You will now see that the 36 Leishmania chromosomes are displayed.
Then, load your vcf file into the IGV:
Tracks > Local File, and then select three-samples.chr1.vcf
(it will look like nothing much has happened)
Then, load the bam and bai index files into the IGV:
Tracks > Local File, and then select the three bam files and the three bai files
Again it will look like nothing much has happened, but you will see your vcf file (green circle) and sample bam files (blue circle) appear as below.
To see what your alignments look like, you will first need to go to chromosome 1 by selecting chr1 from the drop down menu (red circle):
You can now kind-of see the variants contained in the vcf file, but there are too many squeezed in to see them properly. You will need to zoom in further to be able to see the aligned reads.
You can either zoom in using the + button in the top right hand corner, but this can be slow.

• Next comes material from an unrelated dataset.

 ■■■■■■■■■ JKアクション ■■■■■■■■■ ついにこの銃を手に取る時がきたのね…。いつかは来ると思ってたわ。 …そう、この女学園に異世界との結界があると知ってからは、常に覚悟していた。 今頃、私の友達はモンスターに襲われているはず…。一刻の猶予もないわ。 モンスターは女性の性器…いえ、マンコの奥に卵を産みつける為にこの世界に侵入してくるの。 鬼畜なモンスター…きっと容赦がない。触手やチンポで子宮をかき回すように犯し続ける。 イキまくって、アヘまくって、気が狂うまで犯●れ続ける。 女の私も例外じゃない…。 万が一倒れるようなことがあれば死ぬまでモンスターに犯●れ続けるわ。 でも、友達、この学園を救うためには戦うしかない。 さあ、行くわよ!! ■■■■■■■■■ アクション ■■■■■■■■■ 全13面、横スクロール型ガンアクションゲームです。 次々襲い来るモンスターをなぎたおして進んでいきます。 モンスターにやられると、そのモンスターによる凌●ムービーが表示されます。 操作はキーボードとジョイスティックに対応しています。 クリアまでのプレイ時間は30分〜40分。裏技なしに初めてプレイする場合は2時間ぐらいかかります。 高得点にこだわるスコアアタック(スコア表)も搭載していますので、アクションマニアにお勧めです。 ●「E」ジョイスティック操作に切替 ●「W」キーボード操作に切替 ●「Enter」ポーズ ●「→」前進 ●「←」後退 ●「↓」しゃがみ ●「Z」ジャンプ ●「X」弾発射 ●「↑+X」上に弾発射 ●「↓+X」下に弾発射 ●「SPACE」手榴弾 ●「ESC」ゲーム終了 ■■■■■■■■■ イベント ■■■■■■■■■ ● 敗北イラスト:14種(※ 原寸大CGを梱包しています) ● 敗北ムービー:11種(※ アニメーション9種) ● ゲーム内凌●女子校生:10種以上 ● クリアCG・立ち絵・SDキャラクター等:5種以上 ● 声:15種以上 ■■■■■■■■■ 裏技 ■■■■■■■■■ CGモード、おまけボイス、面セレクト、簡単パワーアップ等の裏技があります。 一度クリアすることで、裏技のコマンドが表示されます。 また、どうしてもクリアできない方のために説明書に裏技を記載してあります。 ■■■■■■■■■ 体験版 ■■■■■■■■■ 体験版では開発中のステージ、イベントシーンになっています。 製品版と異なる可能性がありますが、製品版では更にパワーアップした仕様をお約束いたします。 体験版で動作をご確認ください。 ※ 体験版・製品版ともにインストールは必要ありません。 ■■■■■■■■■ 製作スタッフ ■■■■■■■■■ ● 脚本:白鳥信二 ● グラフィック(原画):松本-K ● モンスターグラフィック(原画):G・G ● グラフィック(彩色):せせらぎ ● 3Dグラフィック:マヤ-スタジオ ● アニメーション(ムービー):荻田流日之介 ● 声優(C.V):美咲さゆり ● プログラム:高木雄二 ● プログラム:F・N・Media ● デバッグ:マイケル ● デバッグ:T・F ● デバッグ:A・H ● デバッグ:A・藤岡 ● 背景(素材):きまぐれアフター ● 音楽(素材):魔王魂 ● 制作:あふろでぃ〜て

Alternatively, you can go to a particular region that you are interested in having a closer look at (perhaps the location of a gene, or a potential inversion etc). For example, to have a look at the stretch of chromosome 1 between 4000 and 5000bp type chr1:4,000-5,000 into the search box (red circle below):
Note the annotation in red in the figure above.
The undulating grey shows how coverage varies along the chromosome.

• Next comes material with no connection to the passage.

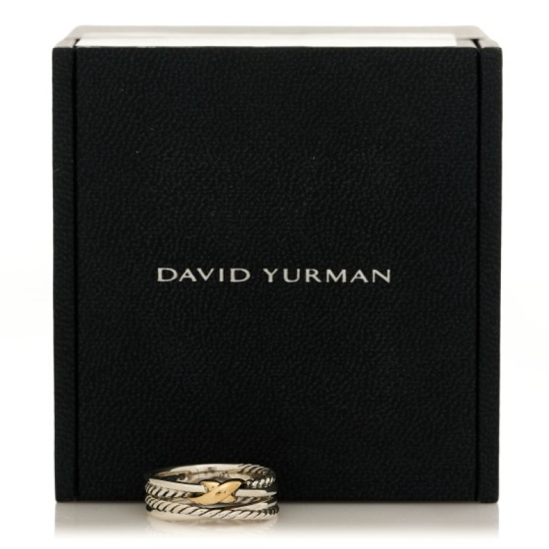 David Yurman Sterling Silver 18K Yellow Gold 6mm X Crossover Ring 50 5.5
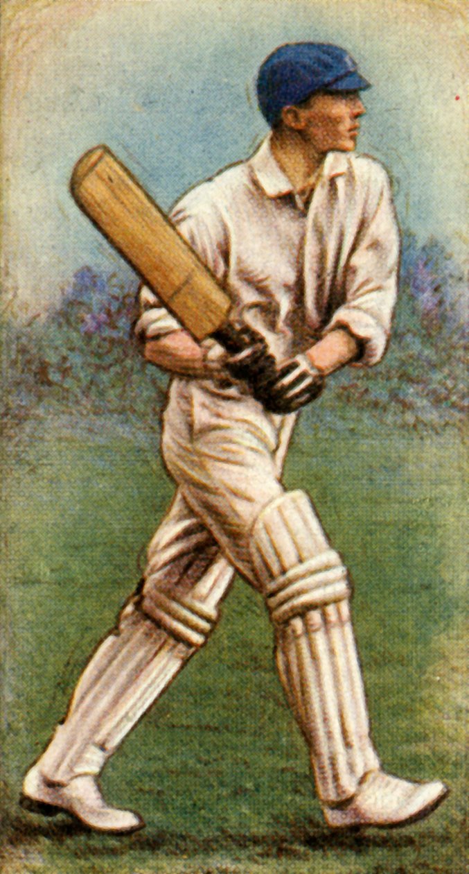 side view · england · gloves · glove · people · male · sport · sports · country · playing · clothes · british · english · headdress · color · action · profile · cricket · nottinghamshire · dress · location · century · britain · sportsmen · sportsman · batting · cricketer · concept · batsman · twenties · one person · headgear · colour · nottingham · 1920s · 20th century · cigarette card · george · cricket whites · unknown · cigarette card · wd ho wills · wills · gunn · wills cigarettes · wd and ho wills · wd ho · george gunn · g gunn · The Print Collector/Heritage Images

Each of the long grey rectangles with a pointy end represents where a particular 100bp sequence read has mapped.
If these rectangles are coloured, it indicates that the reads pair orientation is not as expected. Read 1 and Read 2 of a sequence should usually pointing towards each other. If the do not, it could indicate an that one of the reads has been mapped to a different chromosome, or that there is an inversion.
Using less, open the three-samples.chr1.vcf file on the linux server. Then using the arrow keys, move to the lines of the vcf corresponding to the same region, i.e. chromosome 1 between 4000 and 5000bp. Now you can compare the vcf file to what you see in IGV. This will help you answer some of the questions below.
Try playing around with some of the display setting in IGV (cog wheels along the right-hand side). For example, try Colour by read strand and View as pairs.
There are several packages for filtering and manipulating vcf files, including:
vcffilter
vcftools
bcftools
picard
See if you can use vcftools or vcftools to separate out SNP and indel variants from your vcf file.
There are many sequence analysis forums on the internet, and usually a google search for how to solve a particular bioinformatics problem will yield useful results.
Here is what we learned, and some questions to ask yourselves (or ask the data).
How to call and filter genetic variants from a bam (freebayes and vcffilter)
How to use IGV to inspect bam files.